ROCKINGHAM, N.C. — Millions of years after ancient oceans receded, the rolling dunes called the Sandhills offered well-drained soil and frost protection for what would become North Carolina’s peach belt.

Many of those orchards have faded away, but their legacy haunts the people who claim the sandy soil. Their groundwater is contaminated by pesticides that may cause cancer.

Tests have found 117 tainted wells in Montgomery, Richmond and Moore counties in the past year, 77 of those at unsafe levels. The number continues to grow as alarmed residents have their water analyzed.

As public health officials scramble to deliver safe water to affected homes, well owners wonder what their clear, good-tasting well water has done to them.

Franklin Harper, a retired truck driver in Richmond County, recalls piling up and burning dead peach trees when he bought his 3 acres north of Rockingham 18 years ago.
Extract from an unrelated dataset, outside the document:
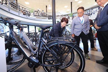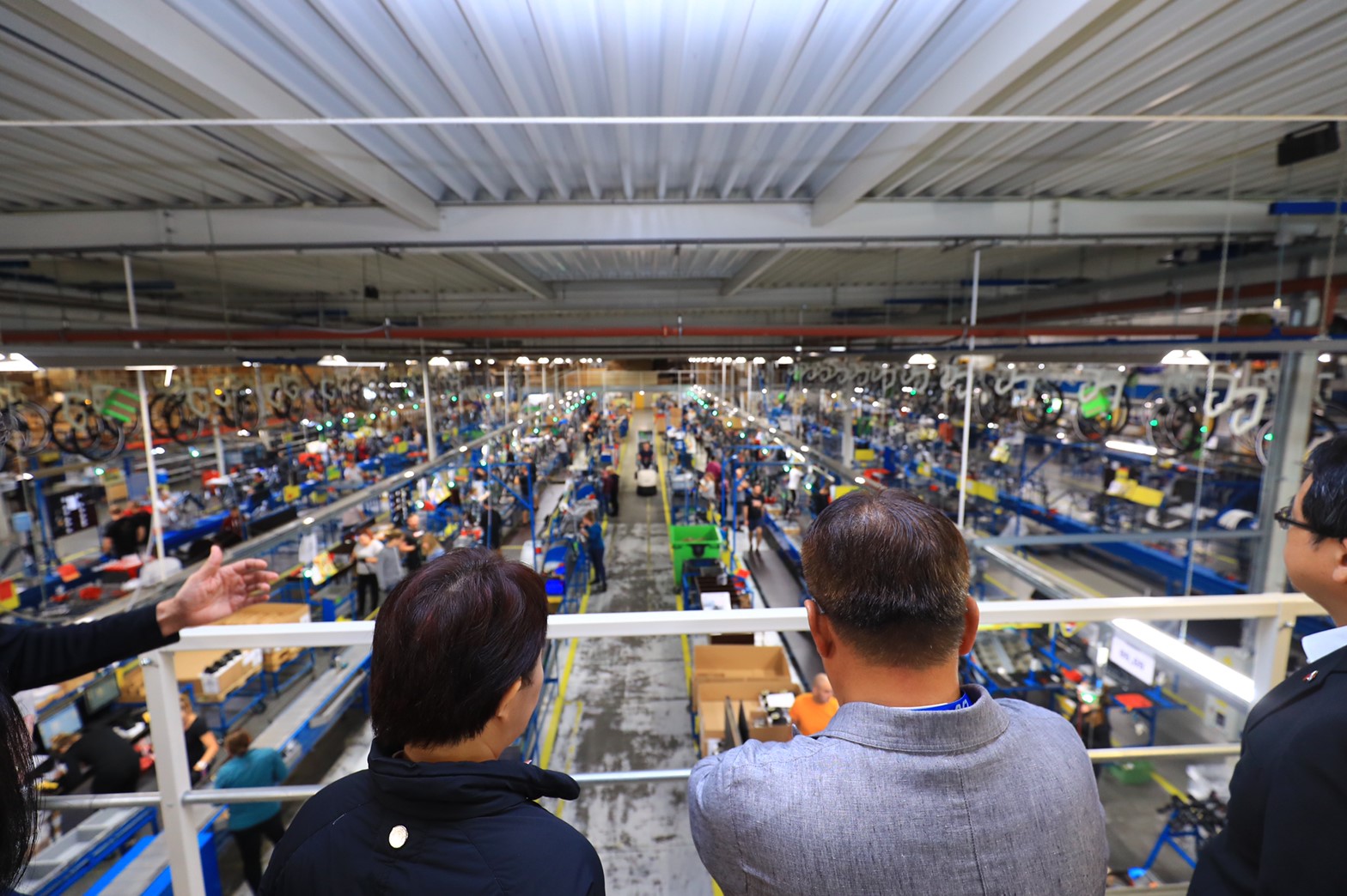 這趟參訪由巨大集團執行長劉湧昌、派駐在荷蘭20多年的捷安特國際業務處總經理劉英平親自接待盧市長,劉總經理簡報捷安特歐洲廠時表示,自行車一直是台灣品牌的代表產業,捷安特目前在歐洲年銷售超過 40 萬台各類型自行車及電動車,主要由台灣工廠以及荷蘭工廠供貨。

“I would like to know who was liable for putting that stuff out here years ago and not telling anybody, because they knew it was toxic,” Harper, 62, said this week.

Harper lives on a sandy ridge of former orchard land. And like most of his neighbors, he learned his well was contaminated only a few weeks agoHe read a local newspaper story about the toxic chemicals and asked for a test. Local officials, meanwhile, worry over how far and wide the contamination has spread.

Peach orchards grow on a modest 1,350 N.C. acres, but production in 1941 was twelve times greater. The chemicals now detected in groundwater were first used in the 1950s.

“What we don’t know is whether this is the end of it,” said Jim Haynes, the Richmond County manager.

The first of the tainted wells was found in Montgomery County late last year during a routine well test. Alarmed, state officials tested surrounding wells and found more contamination there and in Richmond County, to the south.

Contamination levels as high as 55 times the federal safe drinking-water standard have been detected.

Seventy-seven households, where concentrations were highest, have been told not to drink or cook with their well water. The chemicals have intimidating names: the pesticides dibromochloropropane, called DBCP, and 1,2-dichloropropane; and an associated chemical, 1,2,3-trichloropropane.

They were used to kill nematodes, parasites in soil that can damage the roots of peach trees. The federal government banned them as far back as 1977.